Thanks for any feedback/opinions! For now I'm not going to bother with forensics and let it ride. VM is running beautifully, and outperforming every single VMWare Virtual Environment I've ever seen.
 
Hi,

it would be helpful to know the exact software version you are using. Could you please post the output of the following commands using [code]your output here[/code]?
Code:
pveversion -v
qm config VMID
 
pveversion -v
Code:
proxmox-ve: 6.1-2 (running kernel: 5.3.18-2-pve)
pve-manager: 6.1-7 (running version: 6.1-7/13e58d5e)
pve-kernel-5.3: 6.1-5
pve-kernel-helper: 6.1-5
pve-kernel-5.0: 6.0-11
pve-kernel-5.3.18-2-pve: 5.3.18-2
pve-kernel-5.3.13-2-pve: 5.3.13-2
pve-kernel-5.0.21-5-pve: 5.0.21-10
pve-kernel-5.0.15-1-pve: 5.0.15-1
ceph-fuse: 12.2.11+dfsg1-2.1+b1
corosync: 3.0.3-pve1
criu: 3.11-3
glusterfs-client: 5.5-3
ifupdown: 0.8.35+pve1
ksm-control-daemon: 1.3-1
libjs-extjs: 6.0.1-10
libknet1: 1.14-pve1
libpve-access-control: 6.0-6
libpve-apiclient-perl: 3.0-3
libpve-common-perl: 6.0-12
libpve-guest-common-perl: 3.0-3
libpve-http-server-perl: 3.0-4
libpve-storage-perl: 6.1-4
libqb0: 1.0.5-1
libspice-server1: 0.14.2-4~pve6+1
lvm2: 2.03.02-pve4
lxc-pve: 3.2.1-1
lxcfs: 3.0.3-pve60
novnc-pve: 1.1.0-1
proxmox-mini-journalreader: 1.1-1
proxmox-widget-toolkit: 2.1-3
pve-cluster: 6.1-4
pve-container: 3.0-19
pve-docs: 6.1-6
pve-edk2-firmware: 2.20191127-1
pve-firewall: 4.0-10
pve-firmware: 3.0-5
pve-ha-manager: 3.0-8
pve-i18n: 2.0-4
pve-qemu-kvm: 4.1.1-3
pve-xtermjs: 4.3.0-1
qemu-server: 6.1-6
smartmontools: 7.1-pve2
spiceterm: 3.1-1
vncterm: 1.6-1
zfsutils-linux: 0.8.3-pve1

qm config 100
Code:
agent: 1
balloon: 5120
bios: ovmf
bootdisk: scsi0
cores: 6
cpu: host
efidisk0: local-zfs:vm-100-disk-1,size=128K
ide0: none,media=cdrom
machine: q35
memory: 8192
name: edc1
net0: virtio=0A:5E:D0:77:1E:A0,bridge=vmbr0
numa: 0
ostype: win10
parent: preupdates
scsi0: local-zfs:vm-100-disk-0,discard=on,iothread=1,size=250G,ssd=1
scsi1: local-zfs:vm-100-disk-2,discard=on,iothread=1,size=2T,ssd=1
scsi2: local-zfs:vm-100-disk-3,discard=on,iothread=1,size=100G,ssd=1
scsihw: virtio-scsi-single
smbios1: uuid=941dffd8-1471-425a-a861-bb2b2b179484
sockets: 1
vga: virtio
vmgenid: 94b94999-8feb-4514-880f-9ef9d1283019
 
Your settings look ok.

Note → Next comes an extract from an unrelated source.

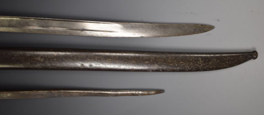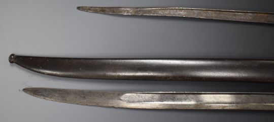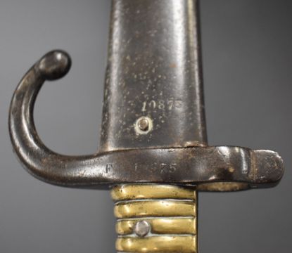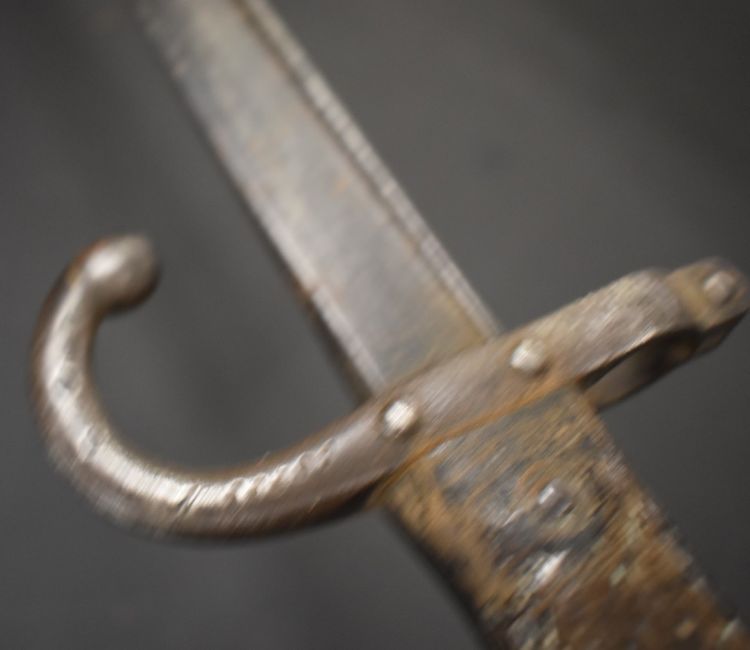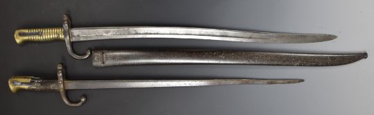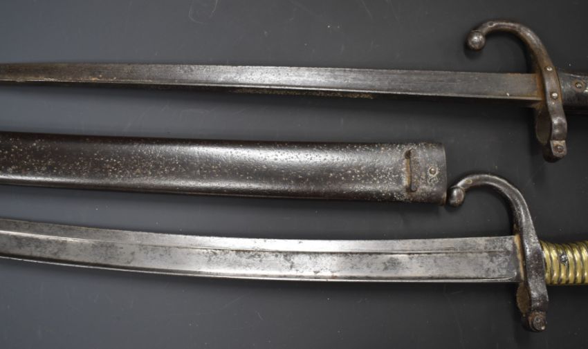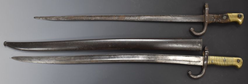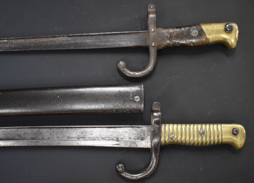 Two French bayonets comprising an 1874 Gras example with T form 51cm blade and an 1866 Chassepot with 57cm Yataghan blade and scabbard and matching serial numbers 70875. PLEASE NOTE ALL BLADED ITEMS ARE SUBJECT TO OVER 18 CHECK ON COLLECTION OR DELIVERY

As far as I know UEFI is single threaded. Normally CPU utilization should not be high during this phase. Consequently, this should not be a problem. So far, I have been unable to reproduce your unusually high CPU utilization while UEFI was active. Please give an update if this happens again.
 
Hello,
We are experiencing the same extremely slow boot with this server again. CPU is pinned to 100% for the process, using one full core. Boot is taking ~15 minutes so far, I'm looking through all the logs that I can and not finding anything useful.
Thanks
 
Do you have a backup of your VM of before the Windows update? It might well be that one of them is the cause of the long boot times. If this turns out to be true, the next step would be to find out which one exactly.
 
Do you have a backup of your VM of before the Windows update? It might well be that one of them is the cause of the long boot times. If this turns out to be true, the next step would be to find out which one exactly.
I have a snapshot of the VM, unfortunately we are running ZFS and cannot create a clone from a snapshot. I found another forum post that had a workaround, creating a zfs clone of the snapshot, creating a VM (not installing an OS,) and dd if=*clone* of=/dev/zvol/rpool/data/*vm destination disk*. It looked like it was going to work, but unfortunately I just have not had the time available to dig into this. Coronavirus has me doing more VPN/RDP setups than I've ever wanted to do. I sincerely hope to find a cause/resolution for this issue, as Promxox VE is a product I recommend over all others for environments of any capacity. Hopefully I'll have some info soon!
 
I have a snapshot of the VM, unfortunately we are running ZFS and cannot create a clone from a snapshot.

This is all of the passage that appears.